You're certainly right about the need for repentance. That's true for every human being, not just for Southerners, not just for whites, not just for people of the United States.
Although I'm sure they're out there, I don't think I've ever met a Christian who thought slavery was good. Obviously, it was immoral. But the War Between the States was not simply a matter of the slave-holding South versus the liberty-loving North. How could that be the case when the Union was the home of four slave states (Delaware, Maryland, Kentucky, and Missouri)? I can't speak for Mr. Wilson's overall message (I hadn't heard of the man before today), but based on the quote you give here, he is in fact correct about the larger issues involved in the war. As much as we like to paint the past in simple colors of black and white, life was as muddled gray in those days as it is in ours. One side, perhaps, was a darker shade of gray than the other, but neither was white as snow.
All my life I have met arrogant Northerners who thought themselves superior to Southerners simply because some of our great-great-great-great granddaddies owned slaves, and because their great-great-great-great grandpappies beat ours in the war. Repentance is in order for human arrogance wherever it appears--whether among those who think themselves superior because of their skin color, or because of their region of the country.
Peace.
Thanks for your comment Milton. The problem is that I see certain elements in the Christian church rewriting history to suit them. This is not a screed against the Old South, but against today's history-rewriting evangelicals. Just want to do honor to the facts and learn the lessons we ought to be learning.
Hey maco. A little bit of both, maybe? (You haven't been dressing up the Old South, have you?) :-)
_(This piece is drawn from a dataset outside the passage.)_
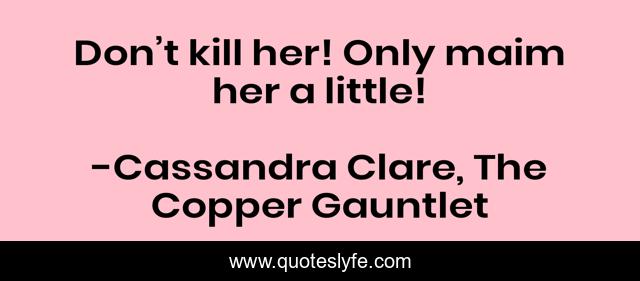 "Cassandra Clare, The Copper Gauntlet Quotes." Quoteslyfe.com, 2025. Tue. 09 Dec. 2025. <https://www.quoteslyfe.com/quote/Don-t-kill-her-Only-maim-her-55696>.

So, I didn't see a definition of racism in this post. I don't disagree with the central tenet of your article. In fact, unlike Confederate apologists, I actually do believe that the South was wrong legally, in addition to losing the war. But in the discussion we had the other night, you suggested that we don't need to ask ourselves *whether* we are racist, but we need to ask ourselves *how* racist we are if we fail to accept that slavery is the central conflict of the Civil War. This is why I would like to see "racism" defined. It's a word that seems to have as many definitions as there are people. I'm curious what you mean by "racist" in this context. Note that even Wiki's article (Wiki is consistently leftist on almost any political/historical entry) acknowledges that the Civil War has not always been understood primarily in terms of slavery.